"I asked you a question. What sort of a man are you?"
Tarius silently caught the antagonizer's gaze and held it, a smile curling the Kartik lips ever so slightly.
The red-headed boy stopped in mid stride. The cold black eyes of this wild stranger seemed to glare through him. He raised his fist even as a fear he couldn't explain gripped his very soul.
"Go ahead; do it," Tarius hissed through clenched teeth.
Although fear gripped the young man's throat like a vice, he could not deny this dare. He swung on the strange boy who challenged him in front of a room full of his peers.
Tarius grabbed the much larger boy's fist mere inches from impact, twisted quickly, pushed back and brought him to his knees. Tarius grabbed the boy's elbow with his other hand, forced his arm straight and shoved down hard. The boy let out a scream, and Tarius stood away letting him fall to the floor.
"You Kartik freak! You've broken my sword arm!" he screamed in pain.
Some of the other boys moved in for a closer look. Not so close though that the stranger might get the idea that they were challenging him.

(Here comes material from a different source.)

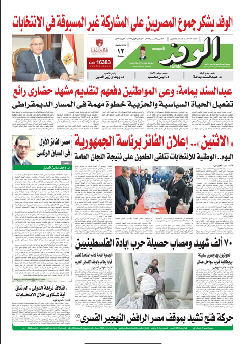 تنشر جريدة الوفد اليومية الورقية في عددها الصادر، غدًا الخميس، الكثير من الموضوعات والتقارير الإخبارية المهمة، أبرزها: "الوفد يشكر جموع المصريين على المشاركة غير المسبوقة في الانتخابات".

Tarius looked up at them and gave them a wild, untamed look, and through clenched teeth hissed out. "I'm the sort of man who isn't afraid to fight for what I believe is right! I'm the sort of man that would just as soon kill you as put up with your crap."
"Help me!" the boy on the floor screamed. "Someone help me! My arm is broken!"
"It's not broken," Tarius assured him. "I'll put it back in place—if you apologize to the boy."
"Apologize to a servant!"
"Or I leave you like that," Tarius assured him.
"I'm sorry," he spat in Harris's direction.
"Your apology lacks sincerity," Tarius hissed.
"For all the gods' sake. I'm sorry! I'm sorry!"
Tarius put a foot in the wounded boy's armpit, grabbed his hand and gave a quick yank, pulling the dislocated arm back into place.
The boy all but passed out from the immediate relief, but feeling better, he was mad all over again. He jumped up and glared at Tarius.
"You used magic on me," he accused.
"He used Simbala on you," a tall, thin boy said, edging from the back of the crowd. "It's a Kartik marshal art form." They all looked at him and he shrugged. "I've seen my father and my brothers practice it."
With much mumbling they all went back to their unpacking. Tarius had picked the bed at the end against the wall, and not too surprisingly the bed next door was still empty. Suddenly the boy with knowledge of Simbala walked over, threw his stuff on the bed and started unpacking.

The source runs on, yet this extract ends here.